P: Qual é a resistência verde típica dos grânulos produzidos por um granulador de panela e por que isso é importante?

Força verde — a resistência ao esmagamento de um grânulo antes da secagem ou queima — é um parâmetro crítico de qualidade intermediária porque os grânulos muito fracos fraturarão durante o manuseio em correias transportadoras, em elevadores de canecas e durante o carregamento em secadores, gerando finos que retornam ao circuito de granulação e reduzem a eficiência geral. Os produtos pan-granulados normalmente atingem resistências ao esmagamento verde de 3–12 N por grânulo, dependendo do material, tipo de aglutinante e teor de umidade – com pelotas verdes de minério de ferro na extremidade superior (mínimo de 10–15 N necessário para transferência para o forno de endurecimento sem degradação excessiva) e grânulos de fertilizante na extremidade inferior (3–6 N, suficientes para transporte pneumático suave para um secador rotativo). A resistência verde é controlada principalmente pela umidade do grânulo (maior umidade = maior adesão capilar = maior resistência verde até o ponto de supersaturação) e pelo tipo e concentração de aglutinante usado (bentonita, melaço, lignosulfonato e álcool polivinílico produzem, cada um, diferentes perfis de resistência verde em granulação em panela ).

Conclusão: a vantagem exclusiva do Pan Granulator está enraizada em sua física

Compreensão como funciona um granulador de panela no nível físico – a interação da força centrífuga, da gravidade e da adesão capilar; os cinco estágios sequenciais de crescimento dos grânulos, desde a nucleação até a descarga autoclassificada; as relações quantitativas entre cada parâmetro operacional e as características do produto resultantes — transformam a otimização de processos de uma arte empírica em uma prática de engenharia baseada na ciência.

O pan granulator's open geometry, which at first appears to be a limitation (dust exposure, no containment), is in fact its core operational advantage: it enables the real-time process visibility, rapid parameter response, and natural self-classification that make it the most controllable of all wet agglomeration technologies. No other granulation system allows an operator to see exactly what is happening in the granule bed, assess granule quality with the naked eye, and adjust four independent parameters in real time to correct any deviation from target.
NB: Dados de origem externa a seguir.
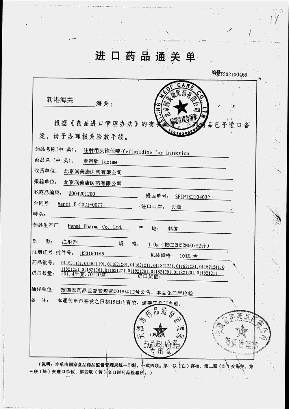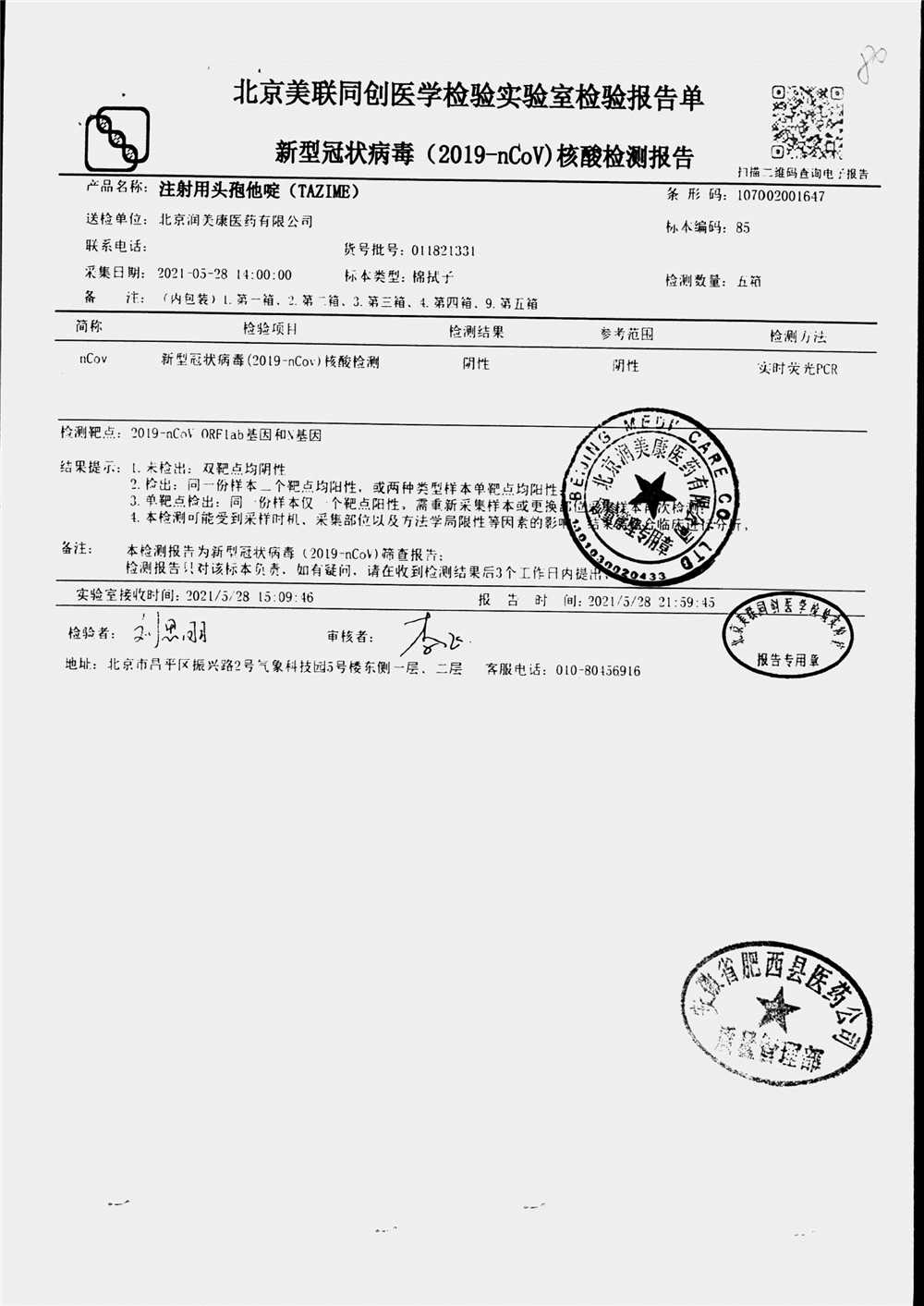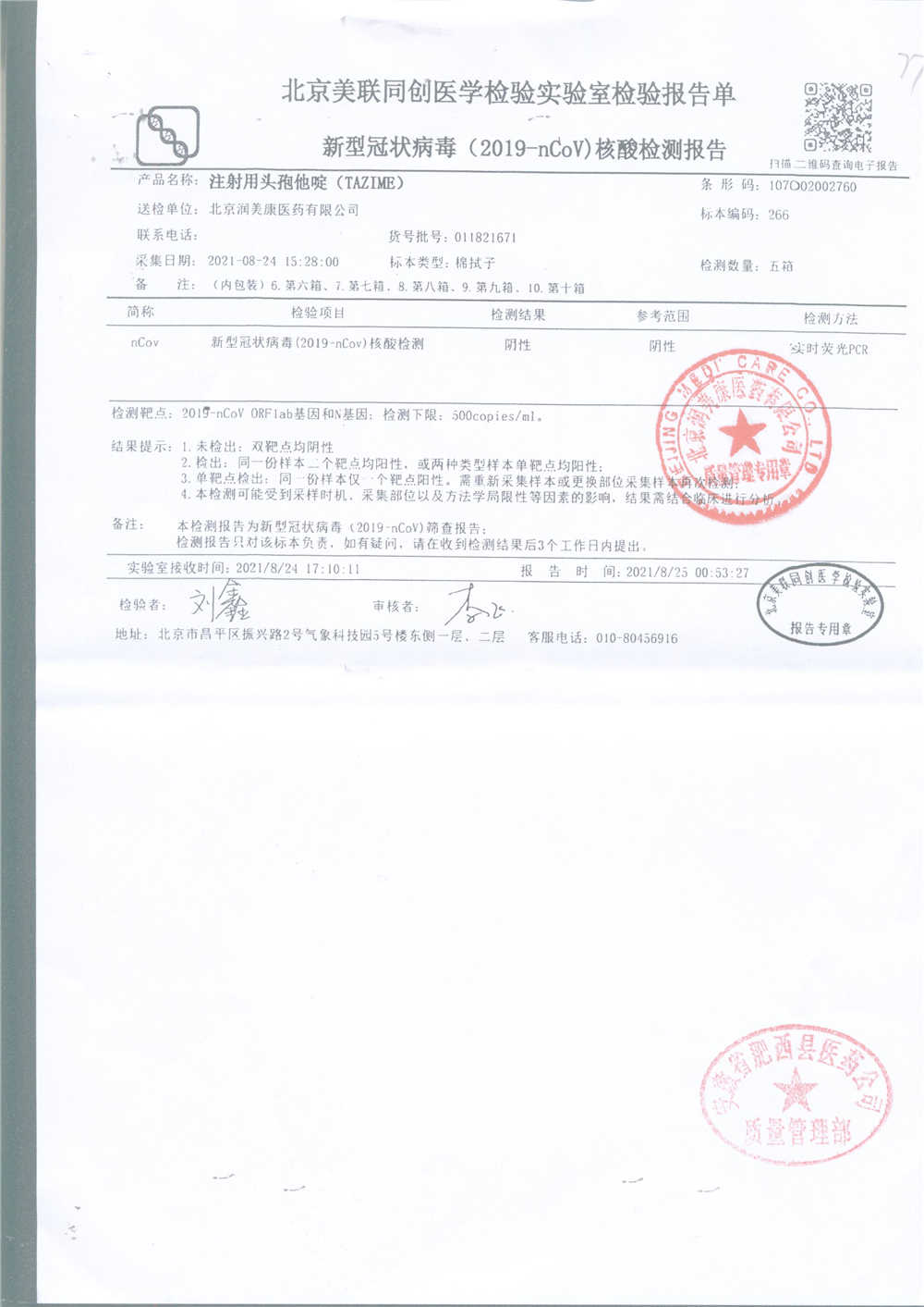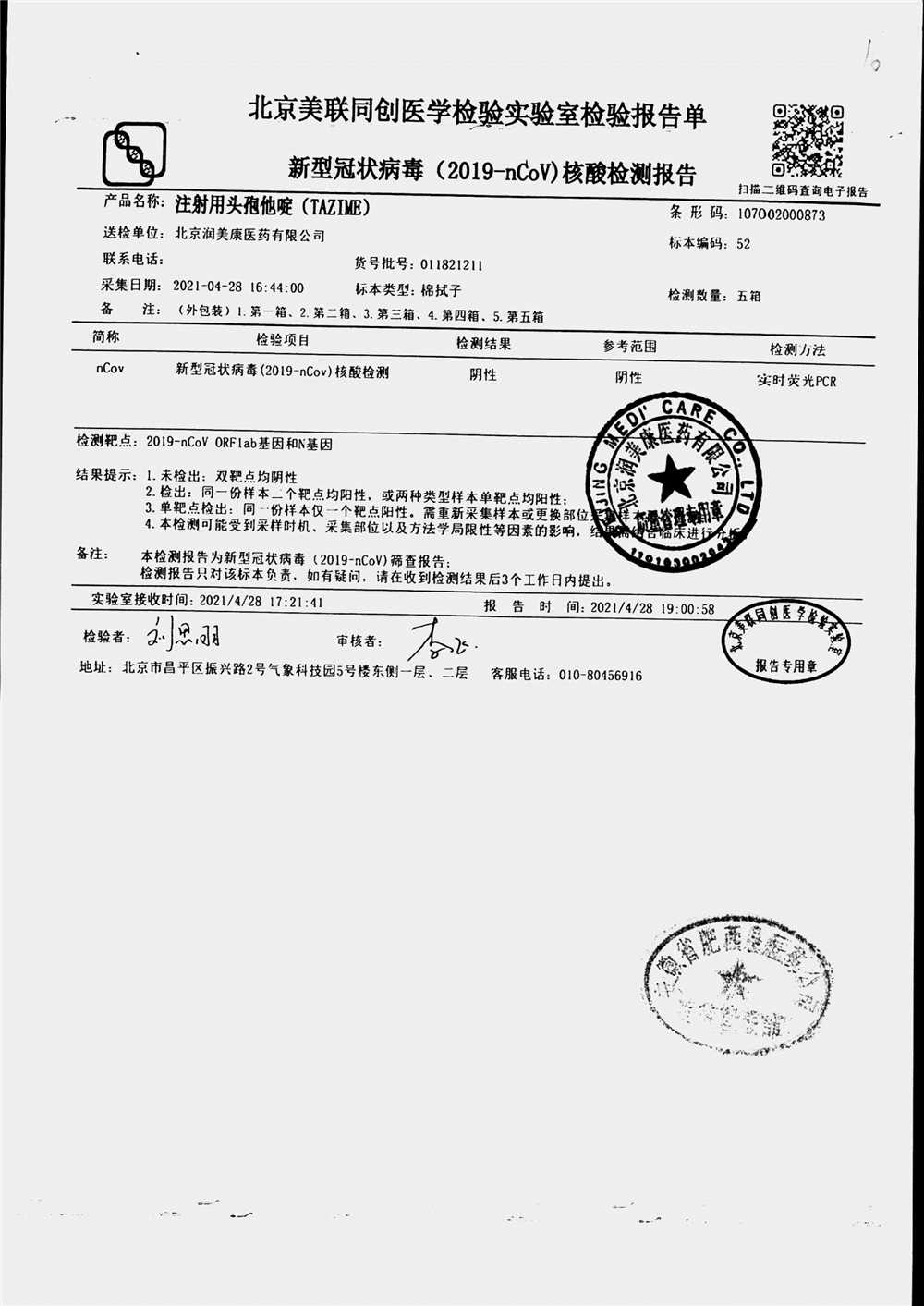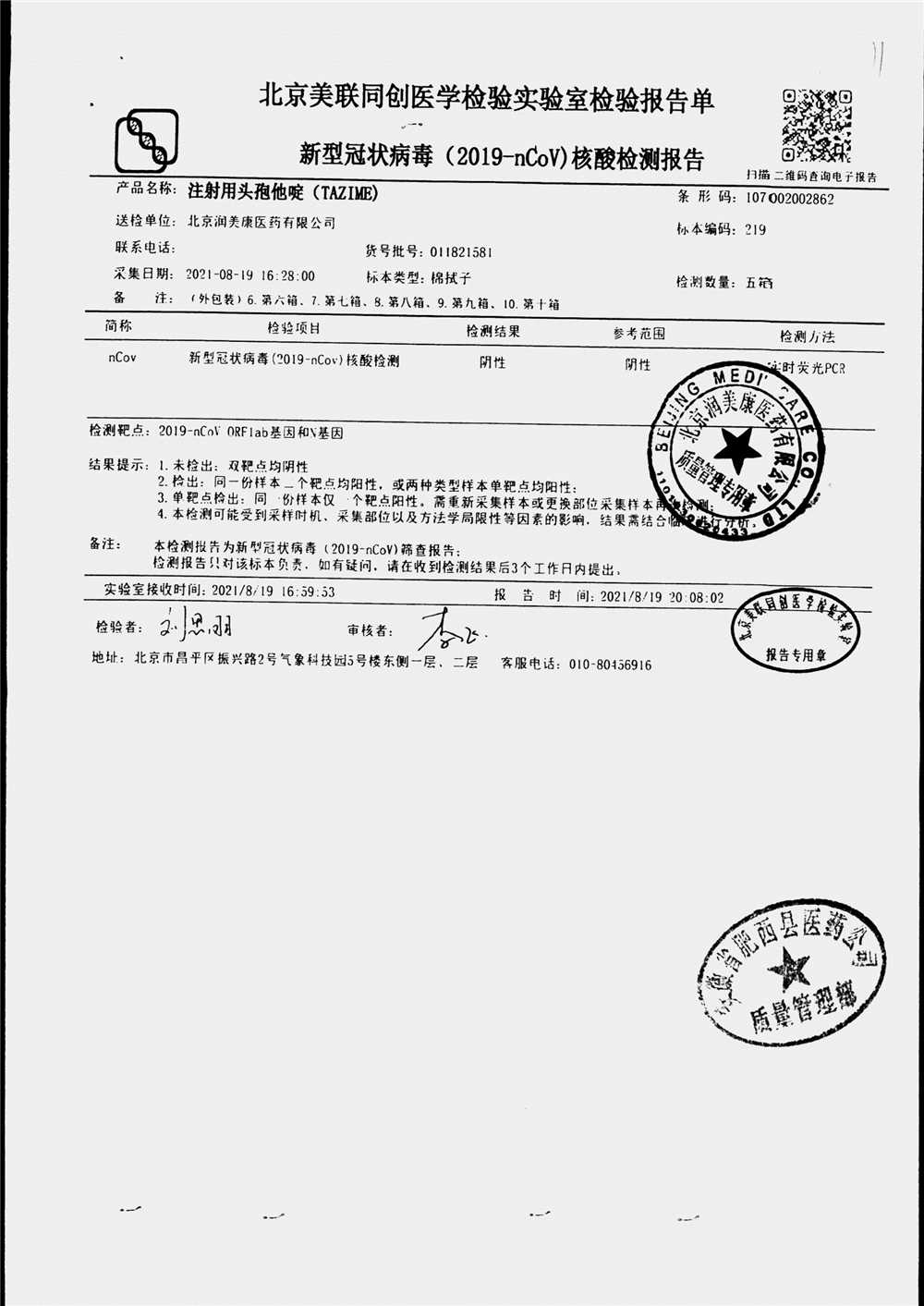 | 注射用头孢他啶 | 1.0g*10瓶 | 011821211(4/5) | 查看详情 |
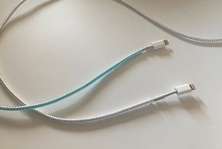 画像だと分かりにくいかも知れませんが、カバーの色は白ではなくオーロラカラーなので光の反射で色が変化して見えます、ただの白だと実用的に見えそうですがキラキラとしたラメも入っているので華やかな遊び心があるケーブル感がでます

Para engenheiros de processo encarregados de comissionar ou otimizar um granulação em panela circuito, o ponto de partida deve sempre ser o cálculo do número de Froude - verificando se a velocidade operacional coloca o processo firmemente na faixa de 0,20-0,35 para o diâmetro específico do recipiente - seguido pela otimização metódica de parâmetro único do ângulo de inclinação e taxa de pulverização do ligante para atingir o tamanho de grânulo e a umidade alvo. Com essa abordagem baseada na física, o granulador pan fornece de forma confiável grânulos uniformes, esféricos e de alta resistência à trituração que o tornam a tecnologia preferida no processamento de minério de ferro, na fabricação de fertilizantes e em dezenas de aplicações minerais e químicas especiais em todo o mundo.